● **Task instructions**: Restate, word for word and with no pictures, the stretch of lines in the data below that begins at the line with "劍湖山兒童節連假票價99元! 身分證中「5、2、1」者有獎" and ends at the line with "4 Names-Personalized Fist", inclusive.

[Stored items]

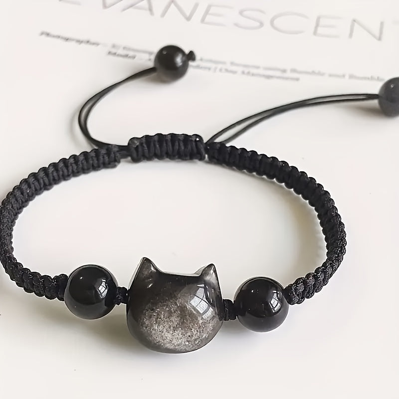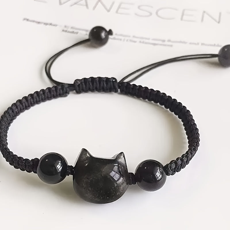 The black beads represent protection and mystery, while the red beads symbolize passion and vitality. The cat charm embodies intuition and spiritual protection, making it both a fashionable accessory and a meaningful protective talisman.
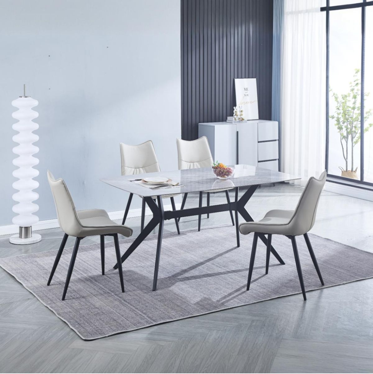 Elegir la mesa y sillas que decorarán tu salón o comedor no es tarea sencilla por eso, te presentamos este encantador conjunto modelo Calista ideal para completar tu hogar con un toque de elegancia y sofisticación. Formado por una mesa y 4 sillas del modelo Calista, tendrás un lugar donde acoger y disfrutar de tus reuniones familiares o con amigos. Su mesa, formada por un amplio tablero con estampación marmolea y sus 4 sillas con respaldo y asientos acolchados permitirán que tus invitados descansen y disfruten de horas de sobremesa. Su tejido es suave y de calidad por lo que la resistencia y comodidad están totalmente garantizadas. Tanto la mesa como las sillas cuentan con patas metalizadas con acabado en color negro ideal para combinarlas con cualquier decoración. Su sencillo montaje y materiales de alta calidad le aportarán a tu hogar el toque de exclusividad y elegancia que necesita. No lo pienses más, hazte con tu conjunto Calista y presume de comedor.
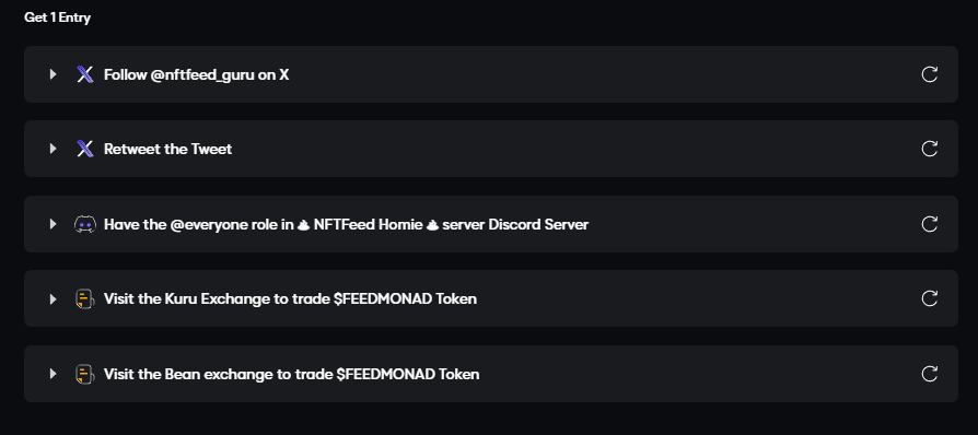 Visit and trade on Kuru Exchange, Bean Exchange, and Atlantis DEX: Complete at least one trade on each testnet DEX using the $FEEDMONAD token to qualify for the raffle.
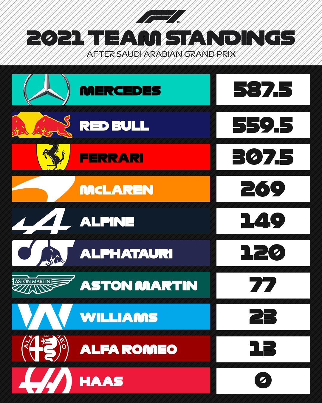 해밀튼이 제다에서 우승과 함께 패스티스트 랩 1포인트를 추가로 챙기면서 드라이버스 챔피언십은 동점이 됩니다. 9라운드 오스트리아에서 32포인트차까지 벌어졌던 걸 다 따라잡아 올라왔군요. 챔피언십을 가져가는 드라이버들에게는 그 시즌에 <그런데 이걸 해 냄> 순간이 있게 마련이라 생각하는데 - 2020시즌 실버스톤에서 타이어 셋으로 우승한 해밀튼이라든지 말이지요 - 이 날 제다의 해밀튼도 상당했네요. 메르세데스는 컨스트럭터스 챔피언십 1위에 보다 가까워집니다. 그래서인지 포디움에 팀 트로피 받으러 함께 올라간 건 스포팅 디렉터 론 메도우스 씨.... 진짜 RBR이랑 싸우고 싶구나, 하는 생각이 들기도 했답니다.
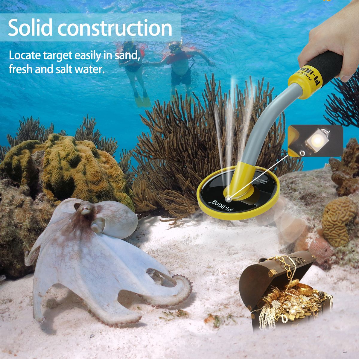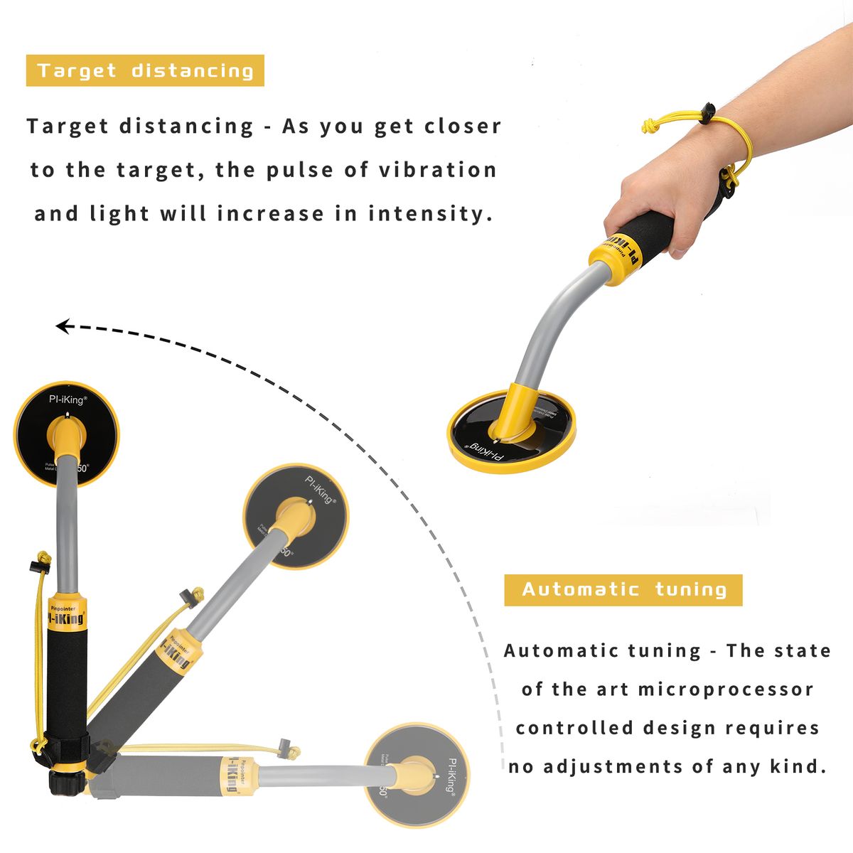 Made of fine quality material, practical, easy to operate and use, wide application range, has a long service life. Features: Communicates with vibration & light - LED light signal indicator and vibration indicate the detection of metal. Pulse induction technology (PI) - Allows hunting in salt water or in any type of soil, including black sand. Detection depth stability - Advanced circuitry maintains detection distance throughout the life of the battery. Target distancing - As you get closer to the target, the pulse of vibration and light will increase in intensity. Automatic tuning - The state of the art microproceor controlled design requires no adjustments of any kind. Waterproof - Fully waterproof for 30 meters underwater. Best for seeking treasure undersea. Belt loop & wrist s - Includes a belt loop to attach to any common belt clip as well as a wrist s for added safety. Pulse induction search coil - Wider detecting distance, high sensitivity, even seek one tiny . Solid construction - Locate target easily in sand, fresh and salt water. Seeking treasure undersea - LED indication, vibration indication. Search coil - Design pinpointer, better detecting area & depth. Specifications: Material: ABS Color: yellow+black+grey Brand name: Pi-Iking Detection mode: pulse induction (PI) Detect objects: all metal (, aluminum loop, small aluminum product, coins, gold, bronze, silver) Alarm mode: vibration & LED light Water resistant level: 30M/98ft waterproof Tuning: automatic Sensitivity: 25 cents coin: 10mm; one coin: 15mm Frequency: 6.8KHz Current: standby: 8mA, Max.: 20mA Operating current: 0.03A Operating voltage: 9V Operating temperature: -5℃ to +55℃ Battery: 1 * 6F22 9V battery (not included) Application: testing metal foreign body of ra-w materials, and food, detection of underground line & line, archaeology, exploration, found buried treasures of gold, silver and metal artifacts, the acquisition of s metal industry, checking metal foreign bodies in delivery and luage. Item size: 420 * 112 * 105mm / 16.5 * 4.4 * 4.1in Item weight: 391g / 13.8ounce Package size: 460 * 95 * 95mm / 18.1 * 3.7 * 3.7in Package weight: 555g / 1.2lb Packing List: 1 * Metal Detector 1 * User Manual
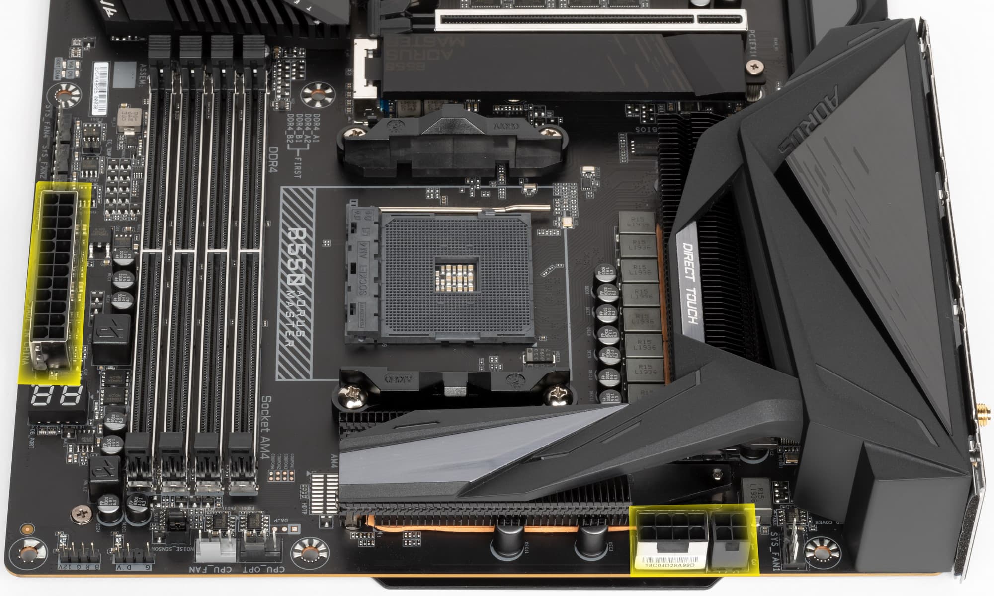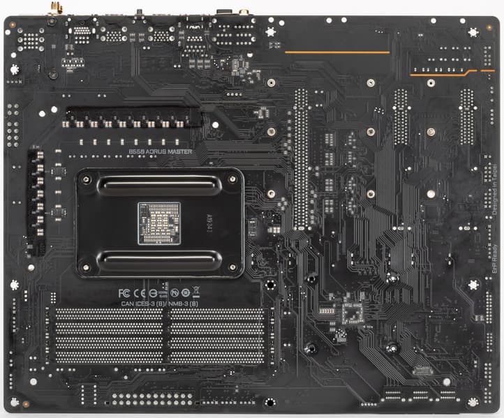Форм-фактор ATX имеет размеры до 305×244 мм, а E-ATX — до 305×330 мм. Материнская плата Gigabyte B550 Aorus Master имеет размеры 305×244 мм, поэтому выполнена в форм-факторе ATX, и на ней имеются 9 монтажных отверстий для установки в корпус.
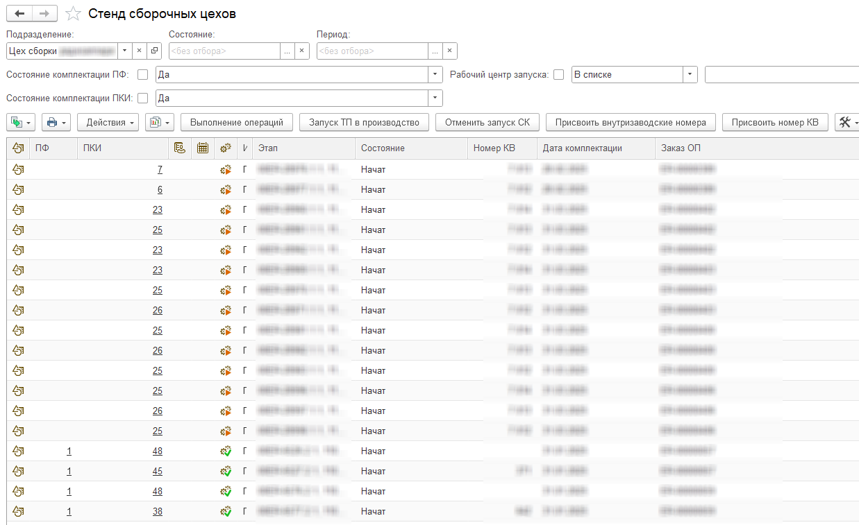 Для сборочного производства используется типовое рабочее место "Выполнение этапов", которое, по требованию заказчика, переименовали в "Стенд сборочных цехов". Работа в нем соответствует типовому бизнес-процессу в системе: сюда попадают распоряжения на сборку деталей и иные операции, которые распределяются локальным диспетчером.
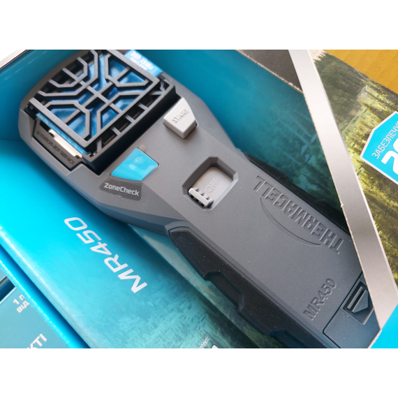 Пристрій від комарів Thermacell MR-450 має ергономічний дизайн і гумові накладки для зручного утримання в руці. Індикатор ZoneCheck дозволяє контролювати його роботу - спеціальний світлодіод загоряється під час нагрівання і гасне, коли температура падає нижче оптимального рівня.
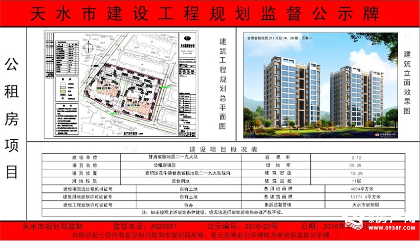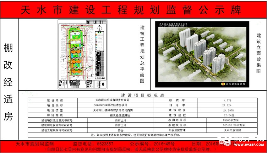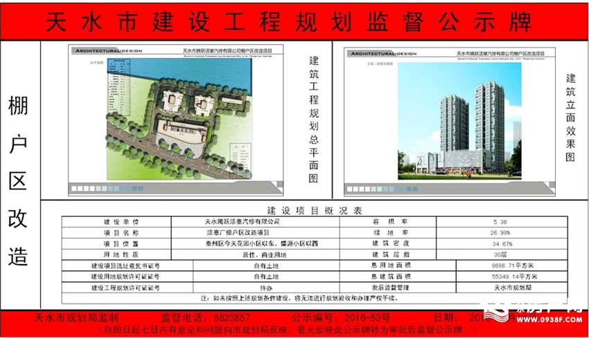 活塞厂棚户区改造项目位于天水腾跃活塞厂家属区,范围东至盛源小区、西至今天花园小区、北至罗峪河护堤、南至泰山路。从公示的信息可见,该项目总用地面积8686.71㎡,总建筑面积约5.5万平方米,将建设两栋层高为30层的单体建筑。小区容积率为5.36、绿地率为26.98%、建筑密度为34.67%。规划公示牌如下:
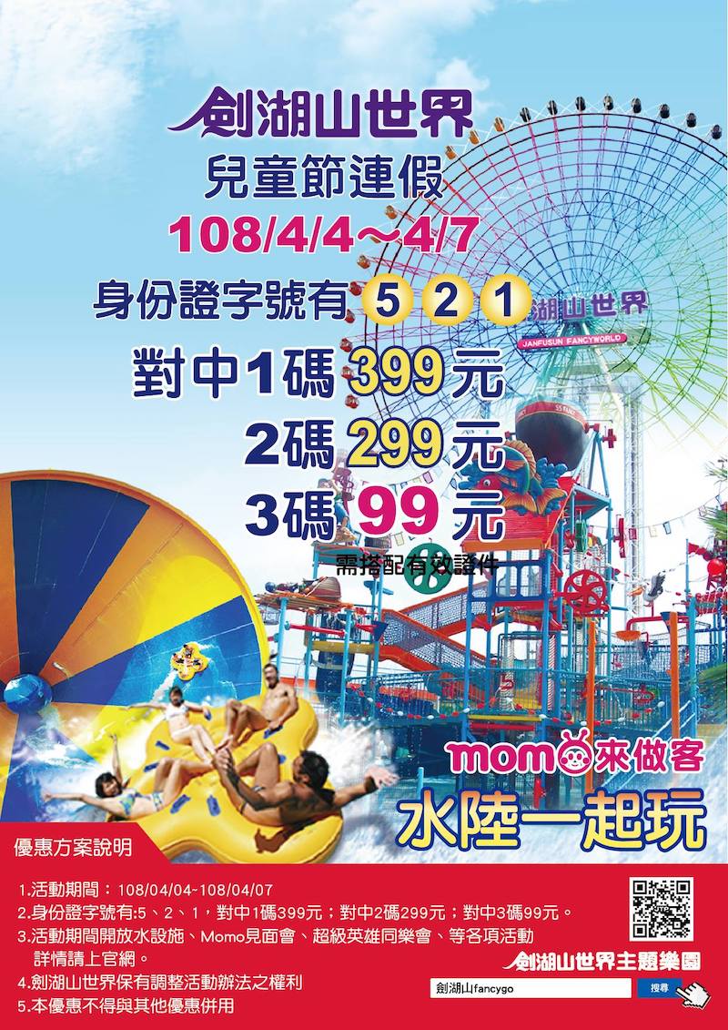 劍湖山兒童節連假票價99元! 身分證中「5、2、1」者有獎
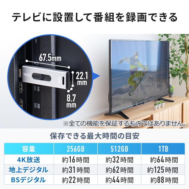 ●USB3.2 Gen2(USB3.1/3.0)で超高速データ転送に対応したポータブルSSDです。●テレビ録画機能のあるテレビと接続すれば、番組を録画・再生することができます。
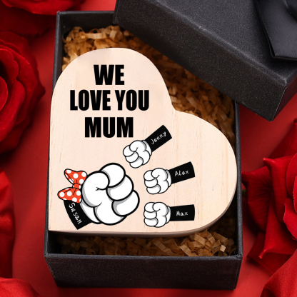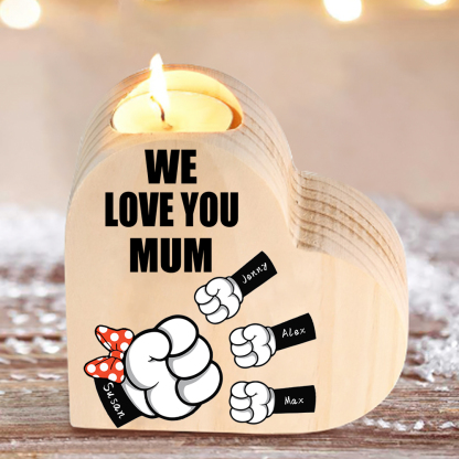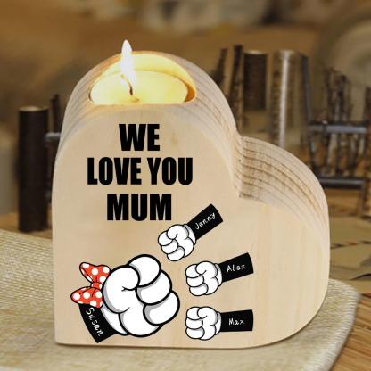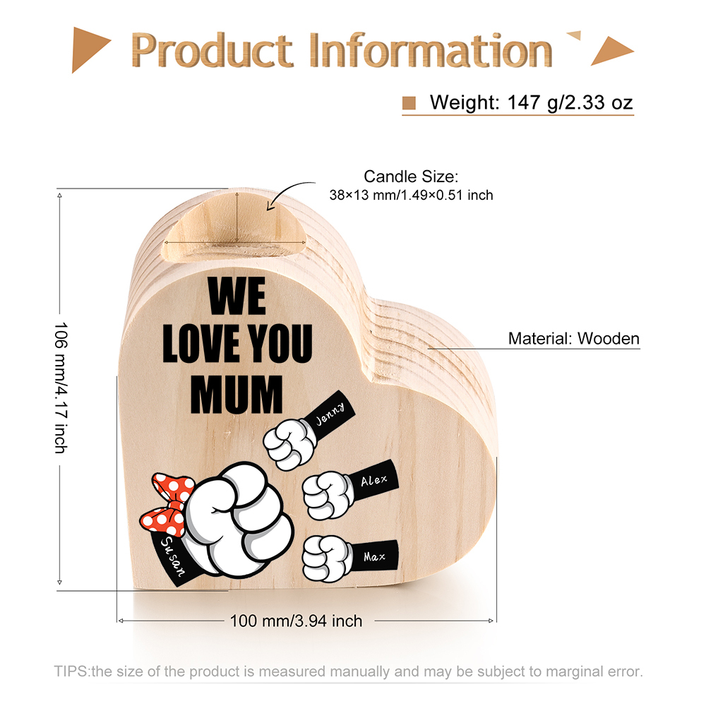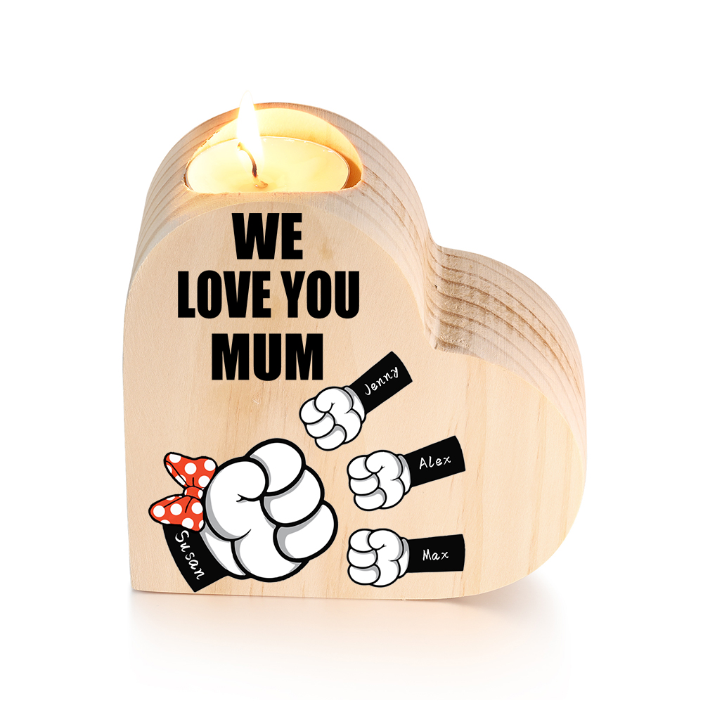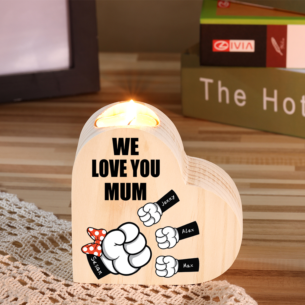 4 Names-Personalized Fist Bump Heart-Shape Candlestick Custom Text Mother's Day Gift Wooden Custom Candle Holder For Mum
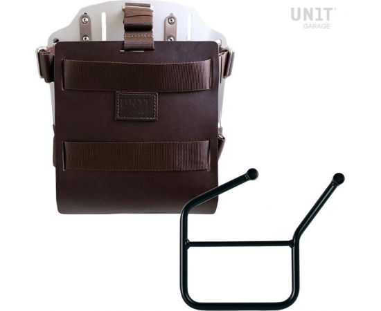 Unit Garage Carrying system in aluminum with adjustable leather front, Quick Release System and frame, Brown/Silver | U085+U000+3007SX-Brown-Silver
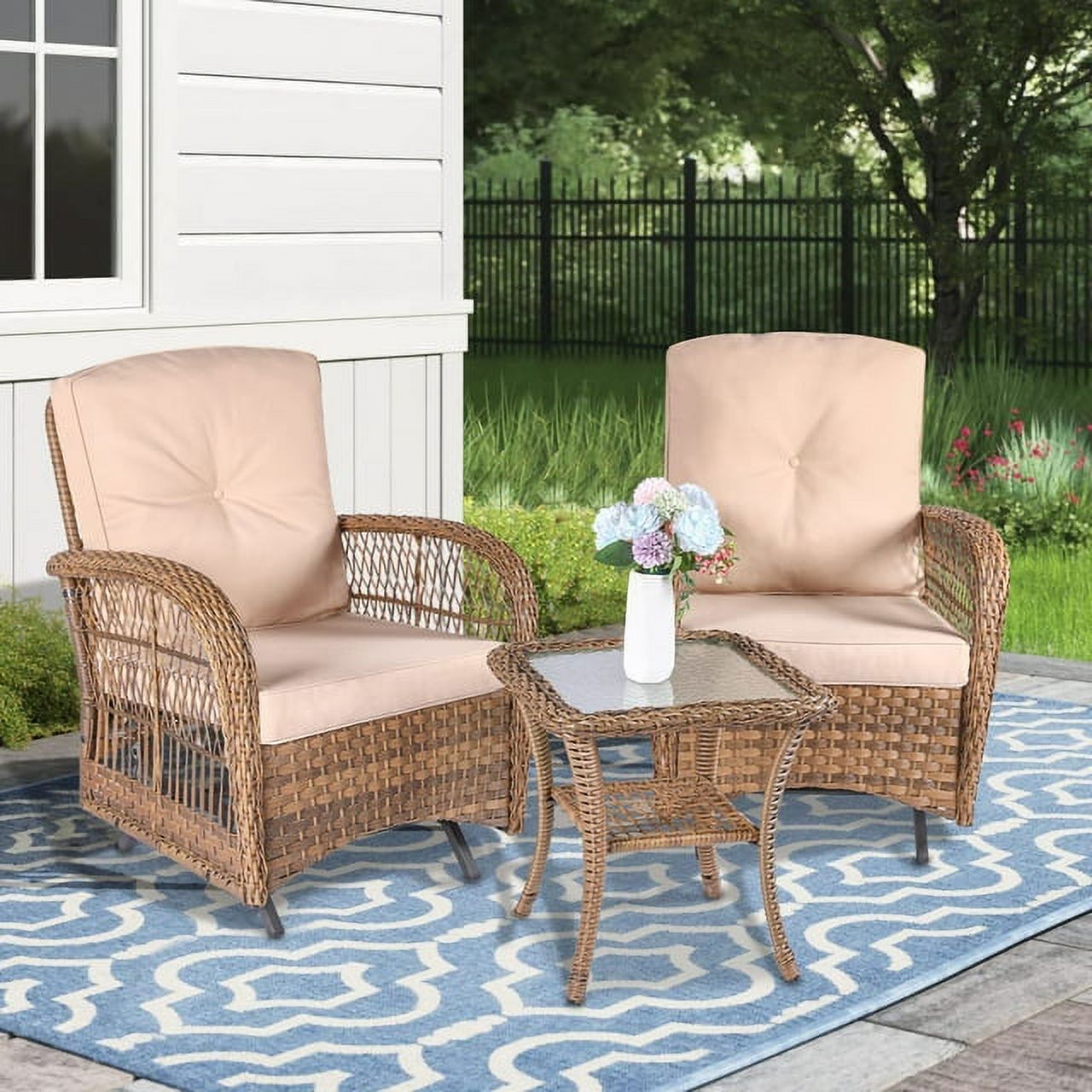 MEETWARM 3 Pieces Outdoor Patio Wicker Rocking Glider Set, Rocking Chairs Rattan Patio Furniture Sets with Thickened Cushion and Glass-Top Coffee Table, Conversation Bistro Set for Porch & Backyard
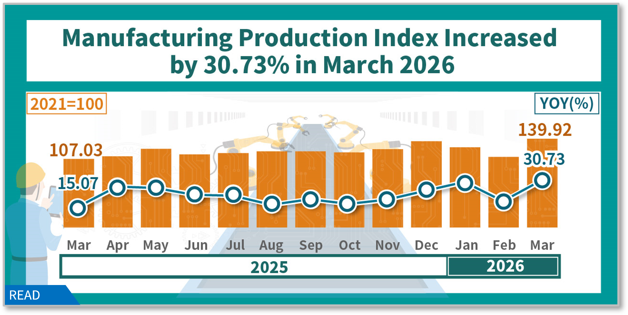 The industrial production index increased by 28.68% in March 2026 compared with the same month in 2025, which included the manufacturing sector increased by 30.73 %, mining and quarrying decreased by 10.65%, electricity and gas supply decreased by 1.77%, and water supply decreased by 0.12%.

● **Expected output**:
 劍湖山兒童節連假票價99元! 身分證中「5、2、1」者有獎
 ●USB3.2 Gen2(USB3.1/3.0)で超高速データ転送に対応したポータブルSSDです。●テレビ録画機能のあるテレビと接続すれば、番組を録画・再生することができます。
 4 Names-Personalized Fist Bump Heart-Shape Candlestick Custom Text Mother's Day Gift Wooden Custom Candle Holder For Mum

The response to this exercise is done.